RECORDS SUPPLIED START

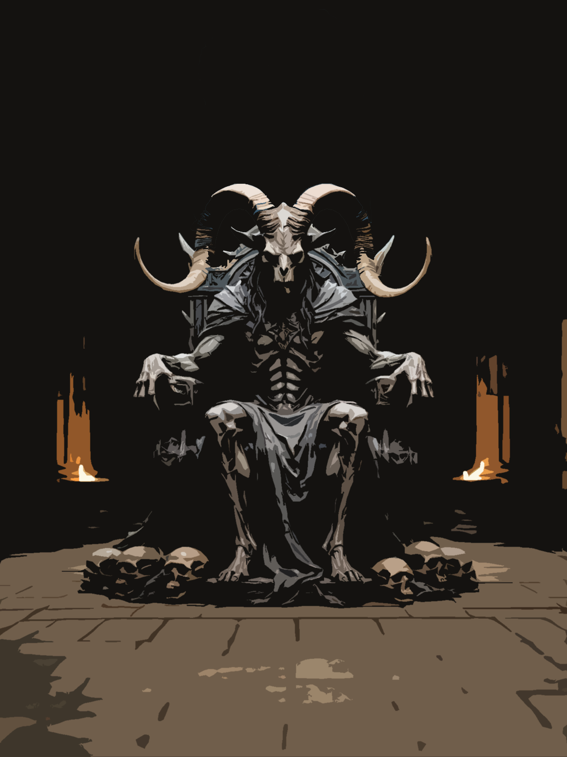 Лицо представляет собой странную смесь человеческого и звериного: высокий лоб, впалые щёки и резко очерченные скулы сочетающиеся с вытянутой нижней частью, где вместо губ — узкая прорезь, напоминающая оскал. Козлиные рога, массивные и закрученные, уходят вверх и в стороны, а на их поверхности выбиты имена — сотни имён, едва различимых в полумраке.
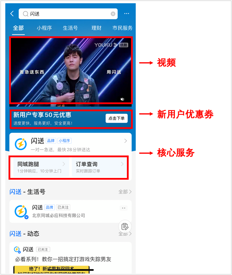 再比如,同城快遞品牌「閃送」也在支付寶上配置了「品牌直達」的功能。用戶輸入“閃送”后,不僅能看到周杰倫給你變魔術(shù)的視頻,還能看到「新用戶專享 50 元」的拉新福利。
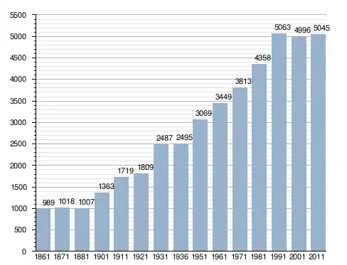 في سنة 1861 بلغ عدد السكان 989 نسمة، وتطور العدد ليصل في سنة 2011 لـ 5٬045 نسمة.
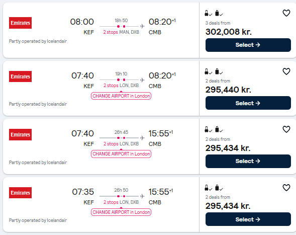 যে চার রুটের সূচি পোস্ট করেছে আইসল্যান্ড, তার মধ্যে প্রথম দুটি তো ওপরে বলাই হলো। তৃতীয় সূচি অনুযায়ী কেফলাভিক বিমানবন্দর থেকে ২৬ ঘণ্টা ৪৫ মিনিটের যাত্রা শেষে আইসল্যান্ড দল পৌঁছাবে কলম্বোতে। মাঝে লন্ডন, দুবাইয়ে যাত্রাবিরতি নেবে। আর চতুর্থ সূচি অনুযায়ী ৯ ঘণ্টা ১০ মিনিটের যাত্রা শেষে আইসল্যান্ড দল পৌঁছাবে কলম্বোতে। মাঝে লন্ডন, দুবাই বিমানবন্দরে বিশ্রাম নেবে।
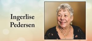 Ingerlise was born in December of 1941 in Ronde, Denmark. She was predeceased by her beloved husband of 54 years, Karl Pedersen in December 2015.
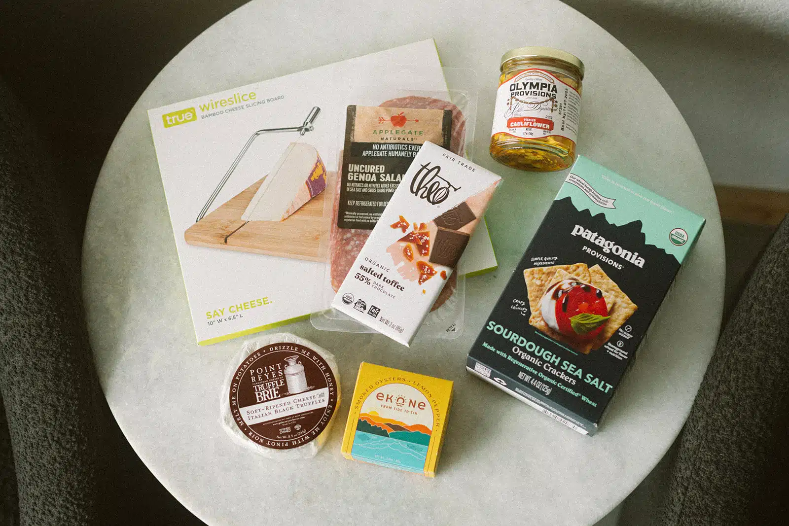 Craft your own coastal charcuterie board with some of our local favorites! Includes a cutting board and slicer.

RECORDS SUPPLIED END

> **WHAT IS BEING ASKED**:
The lines from the one containing "في سنة 1861" through the last line of the records are what you should copy, word for word and nothing else, with pictures left out.

> **ANSWER BELOW**:
 في سنة 1861 بلغ عدد السكان 989 نسمة، وتطور العدد ليصل في سنة 2011 لـ 5٬045 نسمة.
 যে চার রুটের সূচি পোস্ট করেছে আইসল্যান্ড, তার মধ্যে প্রথম দুটি তো ওপরে বলাই হলো। তৃতীয় সূচি অনুযায়ী কেফলাভিক বিমানবন্দর থেকে ২৬ ঘণ্টা ৪৫ মিনিটের যাত্রা শেষে আইসল্যান্ড দল পৌঁছাবে কলম্বোতে। মাঝে লন্ডন, দুবাইয়ে যাত্রাবিরতি নেবে। আর চতুর্থ সূচি অনুযায়ী ৯ ঘণ্টা ১০ মিনিটের যাত্রা শেষে আইসল্যান্ড দল পৌঁছাবে কলম্বোতে। মাঝে লন্ডন, দুবাই বিমানবন্দরে বিশ্রাম নেবে।
 Ingerlise was born in December of 1941 in Ronde, Denmark. She was predeceased by her beloved husband of 54 years, Karl Pedersen in December 2015.
 Craft your own coastal charcuterie board with some of our local favorites! Includes a cutting board and slicer.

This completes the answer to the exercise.